EXERCISE BRIEF
From the data below, set down exactly the lines between the one holding "(para máxima segurança)." and the one holding "眩しいと感じやすい黄色光(イ", inclusive, and no others.

RECORD EXTRACTS
=-=-=-=-=
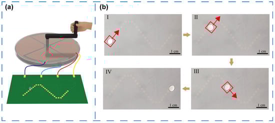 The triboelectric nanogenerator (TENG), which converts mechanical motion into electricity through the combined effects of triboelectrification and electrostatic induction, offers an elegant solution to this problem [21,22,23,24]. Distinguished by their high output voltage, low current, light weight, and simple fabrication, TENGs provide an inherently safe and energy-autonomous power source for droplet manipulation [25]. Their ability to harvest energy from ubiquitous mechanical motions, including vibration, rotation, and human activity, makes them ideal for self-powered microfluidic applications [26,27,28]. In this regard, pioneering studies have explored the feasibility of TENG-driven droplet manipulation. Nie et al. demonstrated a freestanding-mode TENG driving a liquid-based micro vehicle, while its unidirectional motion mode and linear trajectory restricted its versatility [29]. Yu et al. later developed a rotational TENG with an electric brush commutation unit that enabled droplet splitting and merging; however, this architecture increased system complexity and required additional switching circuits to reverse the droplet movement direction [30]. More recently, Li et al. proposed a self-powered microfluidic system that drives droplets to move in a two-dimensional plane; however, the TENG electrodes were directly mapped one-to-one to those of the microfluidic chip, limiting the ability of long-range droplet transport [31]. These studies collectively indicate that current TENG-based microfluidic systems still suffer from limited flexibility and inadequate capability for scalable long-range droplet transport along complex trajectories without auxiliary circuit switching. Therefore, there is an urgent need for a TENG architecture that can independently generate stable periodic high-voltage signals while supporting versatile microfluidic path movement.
=-=-=-=-=
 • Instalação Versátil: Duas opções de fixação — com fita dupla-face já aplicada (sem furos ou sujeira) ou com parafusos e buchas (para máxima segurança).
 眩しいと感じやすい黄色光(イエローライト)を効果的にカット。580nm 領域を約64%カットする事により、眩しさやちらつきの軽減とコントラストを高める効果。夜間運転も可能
=-=-=-=-=
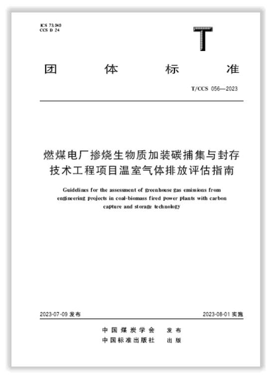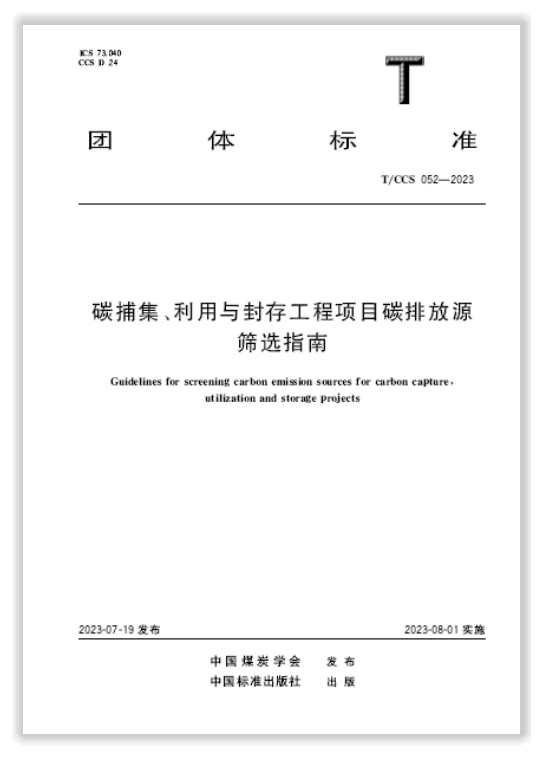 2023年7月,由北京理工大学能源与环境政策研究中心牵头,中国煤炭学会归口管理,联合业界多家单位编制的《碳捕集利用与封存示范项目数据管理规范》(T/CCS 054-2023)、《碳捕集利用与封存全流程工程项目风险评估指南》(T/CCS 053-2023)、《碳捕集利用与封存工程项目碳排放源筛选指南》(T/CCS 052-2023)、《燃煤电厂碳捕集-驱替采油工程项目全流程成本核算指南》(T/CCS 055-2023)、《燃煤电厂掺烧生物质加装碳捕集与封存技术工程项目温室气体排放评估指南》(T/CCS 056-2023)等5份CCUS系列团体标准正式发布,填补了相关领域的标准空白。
=-=-=-=-=
RESPONSE BOX
 • Instalação Versátil: Duas opções de fixação — com fita dupla-face já aplicada (sem furos ou sujeira) ou com parafusos e buchas (para máxima segurança).
 眩しいと感じやすい黄色光(イエローライト)を効果的にカット。580nm 領域を約64%カットする事により、眩しさやちらつきの軽減とコントラストを高める効果。夜間運転も可能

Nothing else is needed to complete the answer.